In terms of art style, the screenshots you’ve been seeing speak for themselves. It’s just more of the same high quality we’ve come to expect from Studio Pixel. The 8-bit art looks simply fantastic, and everything from the Frog to his many enemies to the environments look absolutely wonderful. It was especially nice to see the defeat animations of each enemy as you bring them down. The music, too, is top notch. While I wouldn’t say the soundtrack is quite as memorable as that of Cave Story, there were at least a few tracks that I found exceedingly catchy. My favorite of these would have to be what I’d consider the main theme of the game:
If you’re still not sold on Kero Blaster, there is a free downloadable prequel game called Pink Hour. In it, you play as Pinkie as you search for an Important Document that The President needs. Somehow, this document has found its way into a dank cavern, and you’ll have to fight through groups of enemies to reach it. It’s a pretty straightforward and short game, showcasing many of the features of Kero Blaster, like the basic platforming, shooting and swimming mechanics. There are no weapon or health upgrades, but the enemies you come across are pretty simple, so they’re fairly unnecessary. It’s not the most substantial experience out there, but it’s a nice way to get a taste of what Kero Blaster proper is like before shelling out eight bucks.

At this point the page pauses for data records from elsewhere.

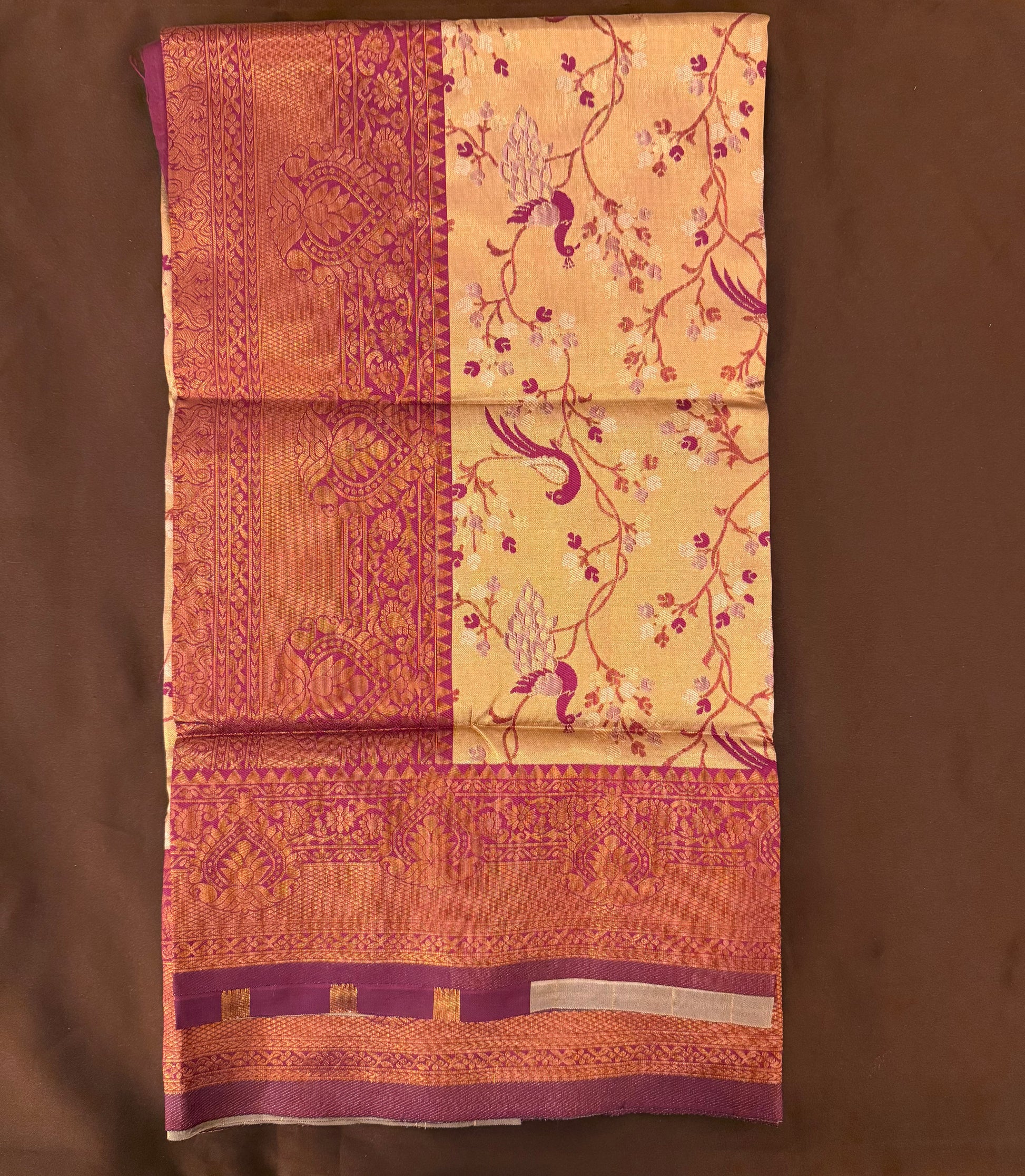 4.Don’t store the saree in a plastic cover as this will cause the gold embroidery to turn black.
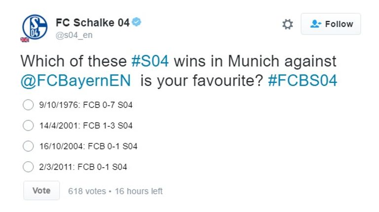 وبدأ الأمر عندما نشر الحساب الرسمي لشالكه استفتاء لمتابعيه حول أي من انتصارات الأزرق على البافاري في ميونيخ يفضلونه أكثر، ووضع 4 خيارات هي 7-0 في 1976، و3-1 في 2001، و1-0 في 2004، والنتيجة نفسها في 2011.
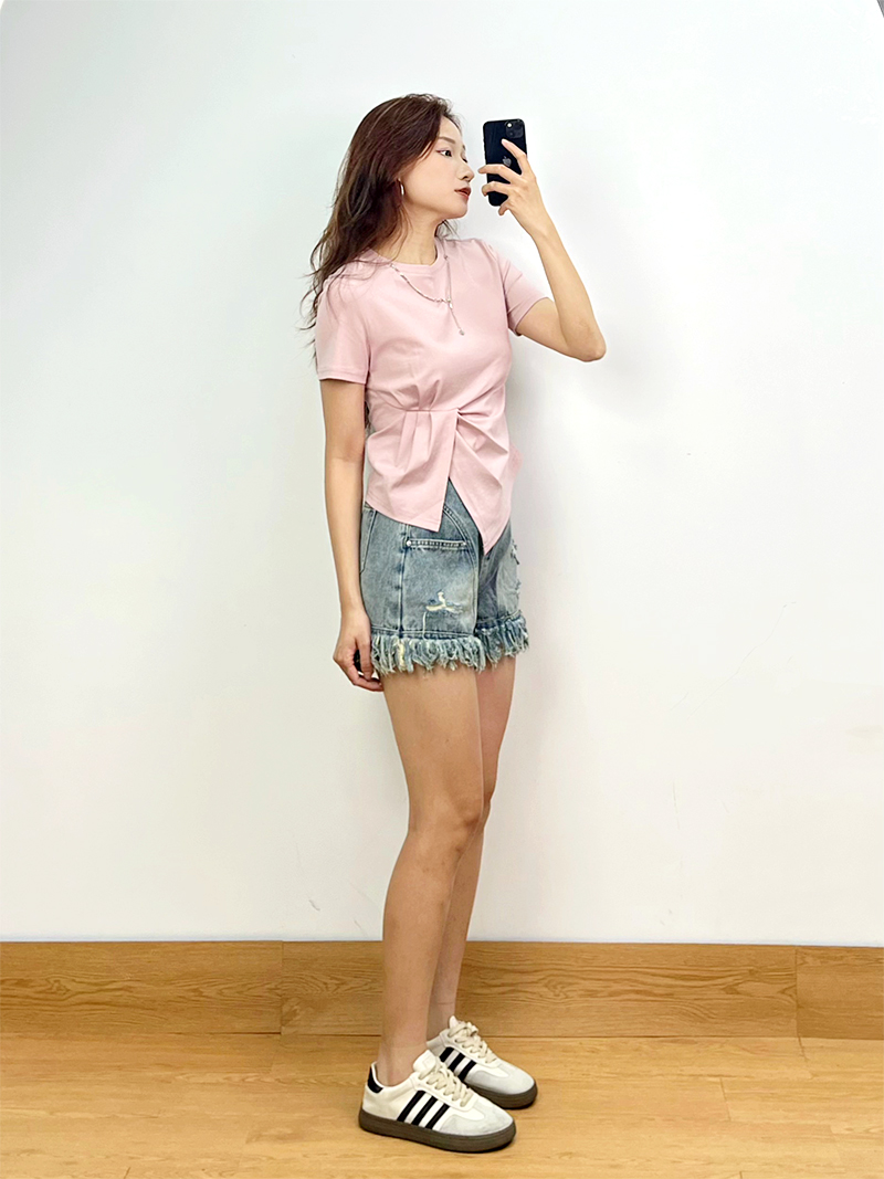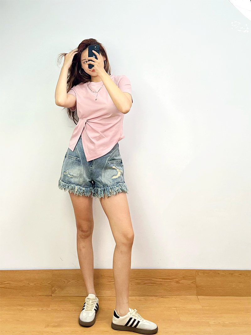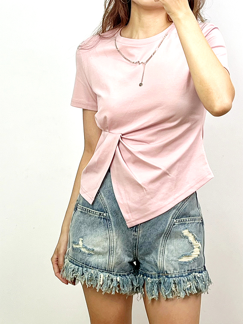 P&X设计师女装不规则纯色显瘦修身百搭短款T恤824202538B 粉色

For such a simple and straightforward game, it should come as no surprise that you can blow through it pretty quickly. Though I did suffer from a couple Game Overs during my initial playthrough, I was still able to complete it without too many hitches. After everything was said and done, I had finished the game in under two hours. I guess I shouldn’t be surprised. Studio Pixel games, while finely crafted, tend to be quite succinct, as well. Unfortunately, Kero Blaster really left me wanting more in the story department. While you do eventually discover what the little black entities clogging the teleporters are, you never find out why they are. This, coupled with the fact that the cast, while varied, wasn’t that interesting, just made the game feel bland. Even so, for what it is, Kero Blaster is an enjoyable platformer that offers some incredibly challenging gameplay, if even only for a few hours. Personally, if Cave Story is any indication, I look forward to many ports and re-releases in the coming years for this game, as well.
Game was purchased by the reviewer, and is based on the PC version.